Patchwork for maintainers, not developers:

Don’t want people to start relying on the test infra for their correctness: test internally first
Output can be unclear: not every failure is problematic. People might send too often, fixing unimportant things.

About sending emails: Question about BPF test infra: concerns about sending too many messages to the list. Unlike kbuild, these failures are not necessarily hard blockers.

Coverage: Are there subsystems that currently have little to no coverage? We don’t have GCC coverage instrumentation. For MPTCP, Paolo had a look, most of the regular (i.e., non error) was covered.

Flaky tests: are being ignored. How to get them to pass. Jakub sends a summary to the mailing list occasionally.

Reproduce locally: can use virtme-ng? Or build docker image. But may need bleeding edge versions of userspace tools, e.g., iproute2. Devs mention this in the commit message.

Is it useful to make this generally available? Yes, for reproducing issues, for developing on NIPA, and for presubmit testing before even sending patches upstream.

Funding: Allow testing before submission, may also make it easier to get funding from more companies. Nvidia already uses Intel’s infra (?). Waits for nightly results before submitting upstream. What is the overhead of setting up something like the BPF foundation? A meeting every two weeks.

How to expand to other subsystems: reuse NIPA, build from scratch? MPTCP uses Github Actions, non-trivial to setup. Could we have something reusable perhaps hosted by the Linux Foundation, like patchwork. What we want is a dashboard that shows KTAP: a matrix of tests * runs.

Stable versions: kselftests should support all previous versions. Linaro LKFT already runs kselftests from HEAD against stable kernels. Skip if a feature is not supported. Can be hard to do: example is packetdrill, where subtle changes deep in the TCP stack can affect behavior of many packetdrill tests. Alternative: send selftests that accompany bug fixes to stable. The tests are being accepted to stable too. So ask for an opt-out for this test-stable-from-HEAD policy for networking.

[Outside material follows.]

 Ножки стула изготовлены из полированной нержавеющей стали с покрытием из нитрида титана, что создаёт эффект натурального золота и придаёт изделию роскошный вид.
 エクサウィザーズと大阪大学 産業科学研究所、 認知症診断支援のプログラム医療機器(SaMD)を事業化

Test output: recommendation for new tests to generate KTAP. Can use ktap_helpers.sh for new shell-based tests. Or roll your own, the format is fairly straightforward: https://docs.kernel.org/dev-tools/ktap.html . But note that NIPA and LKFT parse TAP13, from which KTAP v1 slightly diverges.

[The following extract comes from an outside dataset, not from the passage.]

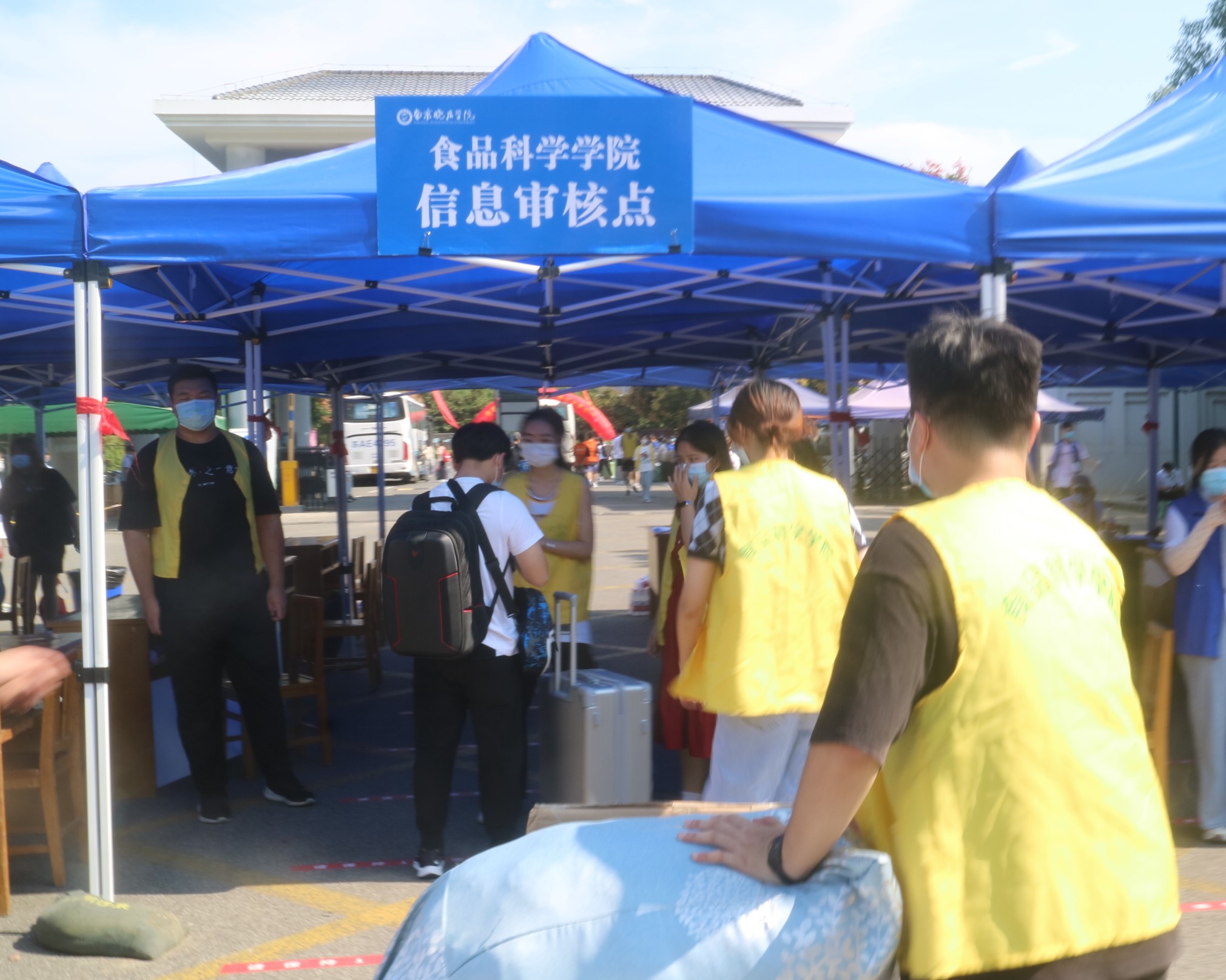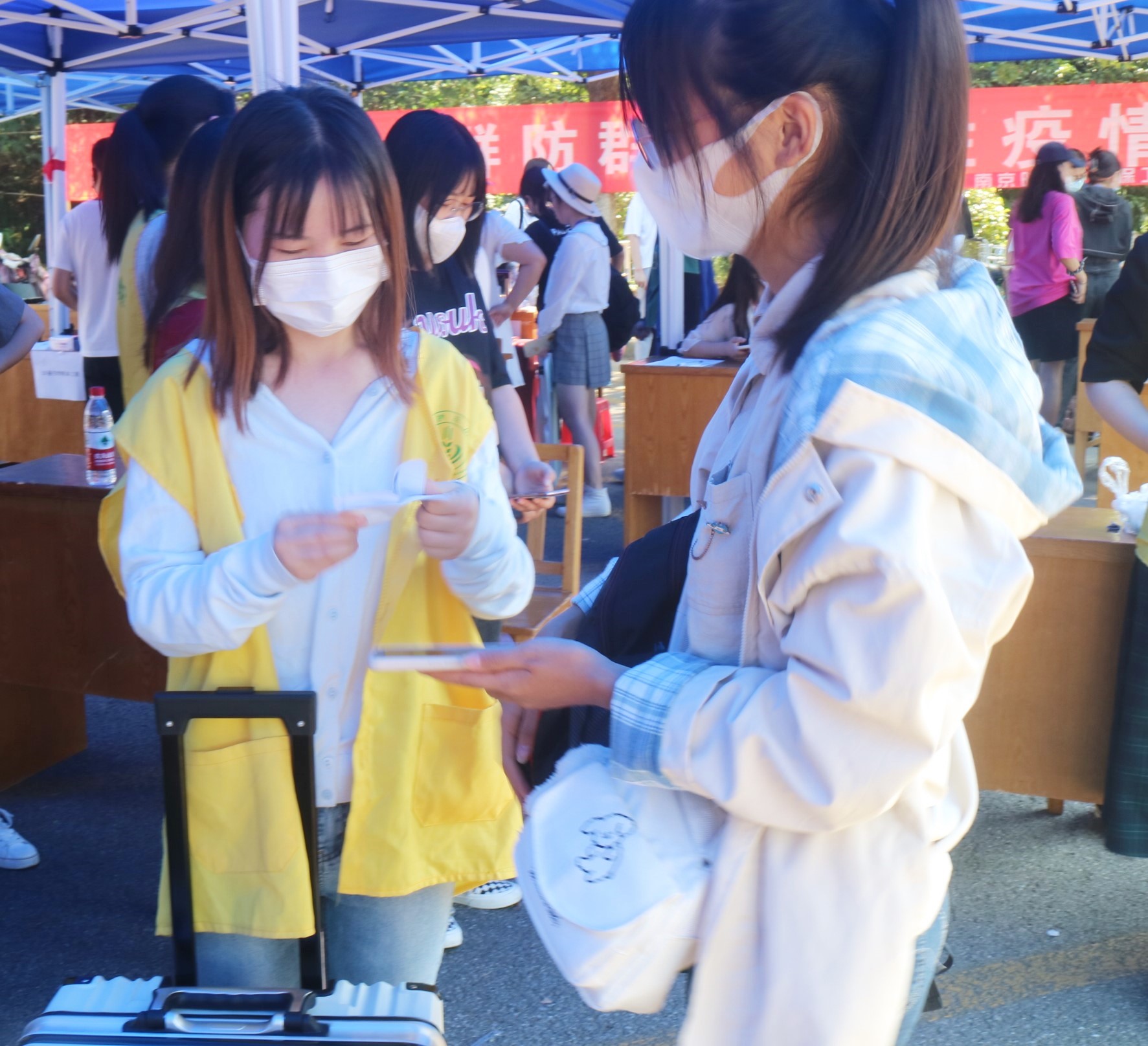 由“新生辅导员老师、新生小班、党员积极分子、学生志愿者”组成的迎新队伍,以“接力赛”形式助力新生顺利报到。新生辅导员老师全程在岗、在场、在线,统筹工作部署,协调人员安排,处理应急事宜。全体班导师助理于早晨6点30集合完毕,在学院报到点整装待发,等待新生到来,指引快速了解报到流程,耐心解答疑问。学生志愿者们,在学校大门口帮助查验信息,协助搬运行李,指引核酸检测,让新生充分感受到我院团结互助的和谐氛围。“一对一”党员积极分子,提前到场等候,在新生做完核酸检测后,“点对点”引导其到学院报到点办理报到手续,期间详细为新生介绍食堂、澡堂、图书馆等与生活学习的相关重要地点,帮助迅速融入大学生活。对稍晚到校的同学,学院与其保持联系,细心指导,耐心等待新生进校,直到接到最后一名新生,一直送至宿舍安顿。从天明到日暮,迎新圆满结束。

Code reuse: move more code into net/lib or even under kselftests, like MPTCP code. Unclear who maintains the code under kselftests.

Willem de Bruijn

Notes: Paolo, Matthieu

Topic: Testing and scaling

Reviews:

Use b4 diff for reviews, could be useful to integrate in patchwork or send as an email. Show diff between patch set versions.
Matttbe: patchew does something similar, pulling patches directly from the ML (patchew.org). Less powerful than b4, does not apply patches, just do patch diffs
Integration with patchwork could be problematic due to pw maintainer “latency”

Precondition checks in kernel code:

Some functions have non-trivial pre-condition on the args/input (only non-GSO skbs in some code paths, etc). We can add pre-conditions admin debug check in the form of DEBUG_NET_WARN*. Useful, or pointless noise? Add "skb_assert_nofraglist"
Some fields are not always initialized (i.e. mac_offset) hard to check.

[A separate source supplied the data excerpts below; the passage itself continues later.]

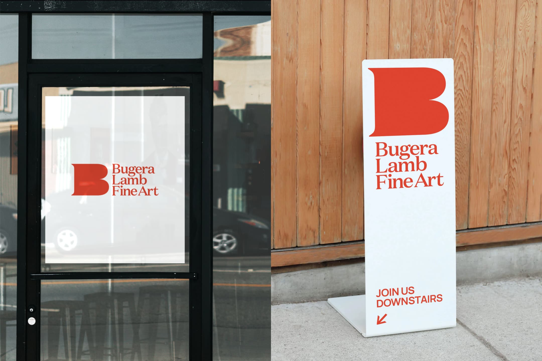 The rebranding focused on creating a mark that was both distinct and functional. The new identity introduces a bold yet refined "B" that acts as a recognizable symbol and a visual frame—echoing the act of viewing, selecting art, looking up close, and finding a hidden gem. The colour palette was adjusted to a deeper, more balanced red, setting the gallery apart from competitors while remaining inviting and elegant. Typography was chosen for its accessibility and sophistication, ensuring team ease of use.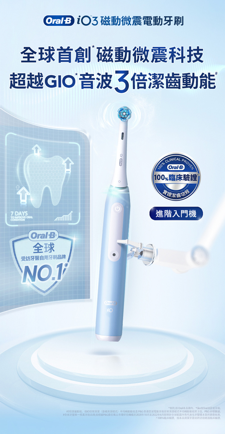 對應刷頭:iO系列刷頭(微震清潔刷頭、微震溫和刷頭、微震美白刷頭、微震精準清潔刷頭)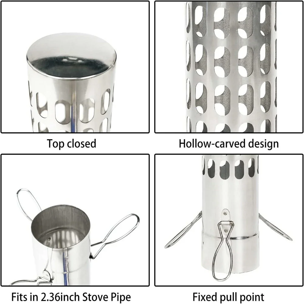 【Spark Arrest & Rain Cover】- The top of this spark arrestor pipe is closed and surrounded by a mesh cavity, which prevents sparks from flying out. The closed top also ensures that rainwater will not flow from the stove pipe into the fireplace during rain or snow. Please note that the spark arrestor only stops a portion of the sparks, NOT 100% of the sparks.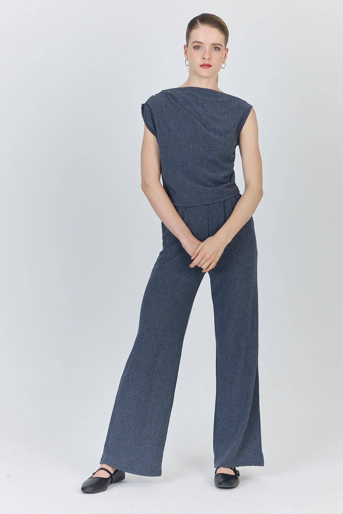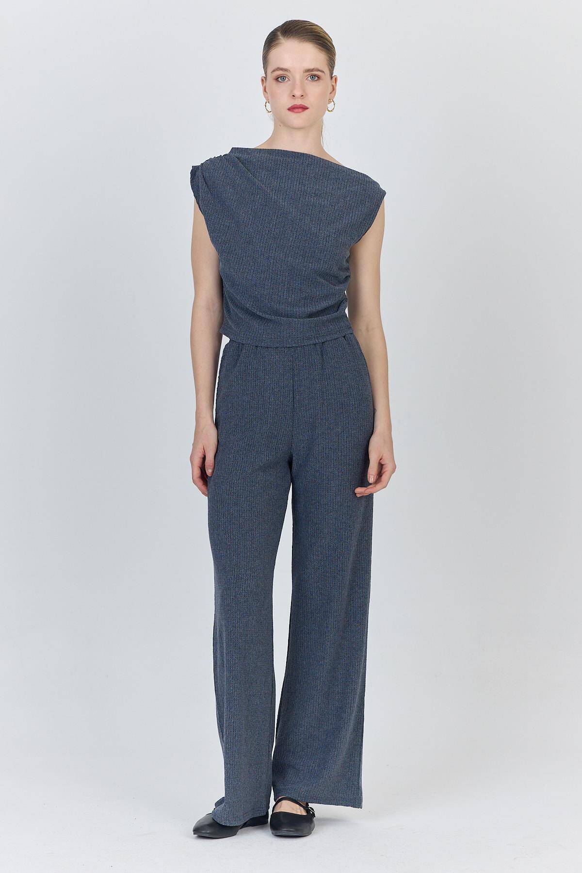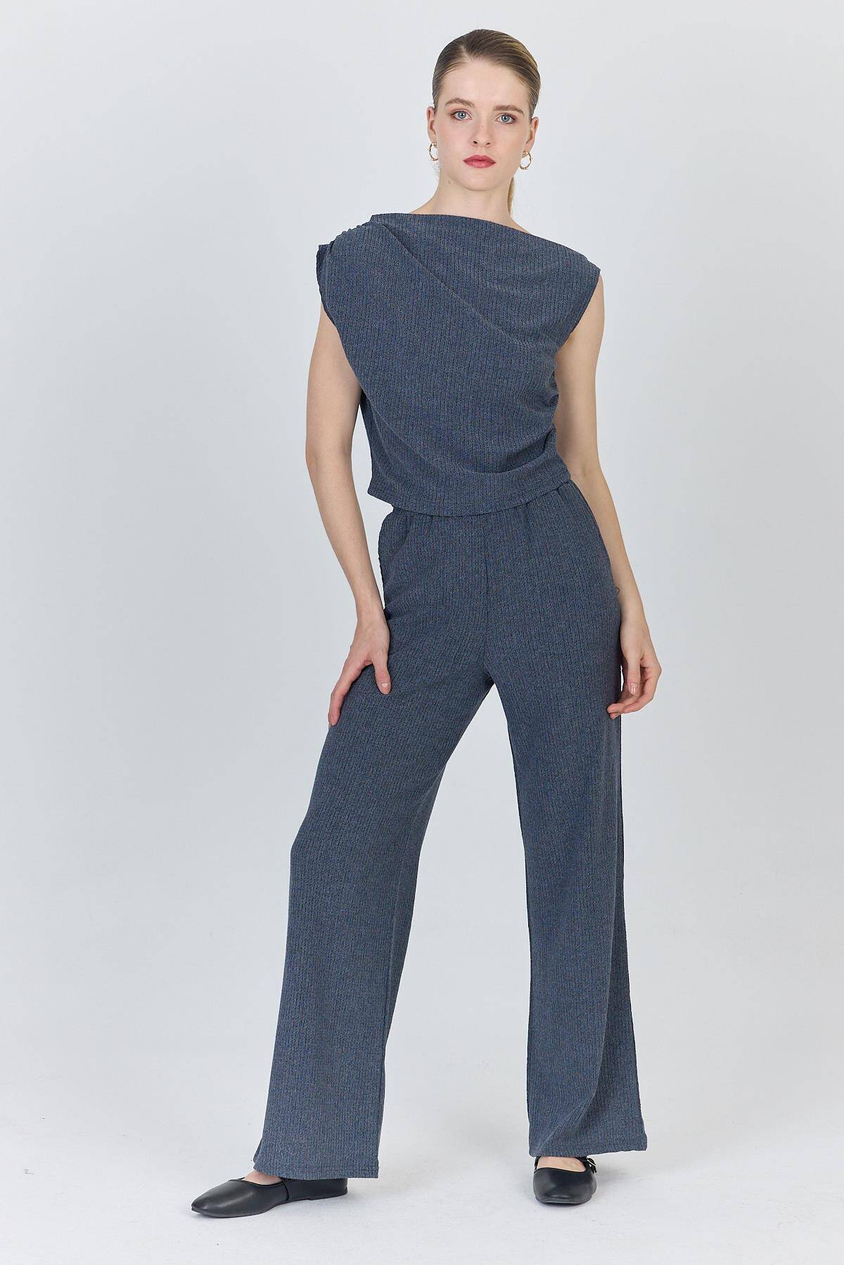 Mavi Asimetrik Omuz Detaylı Bluz ve Geniş Paça Pantolon Takım 1491

Expanding kselftests: benchmarks and fault-injection:

No perf-related self-tests in CI. Adding them is complex (platform H/W specific, possibly a lot of flakes, can have a lot of noise). A problem is also how to express perf-failure in ktap format.
It is very interesting to share such tests: everybody is doing that on their side, probably the same tests, hard for someone new to start a similar project
Paolo: Automated perf testing inside Red Hat: some flakiness, CPU usage is also compared
tied to HW testing, perf tests need real NICs
Can be interesting to publish the reports to increase the competition, and avoid regressions: on DPDK, they are doing something like that, so vendors want to have that fix before a release, and to collaborate with other vendors
More fault injections functions, to increase error-paths coverage.

Scaling:

Tools such as mpstat and ethtool -S were developed when machines had fewer CPUs and NIC queues, can’t show/cope well with large H/W, number of queues can be different from number of cores, but the code sometimes/somewhere does not really expect that.
Joe: TLB flush/madvice is often a bottleneck for user-space
Per device and per-cpu variables could use/waste a lot of memory
We need good default configuration for rx/tx queue numbers, pinning.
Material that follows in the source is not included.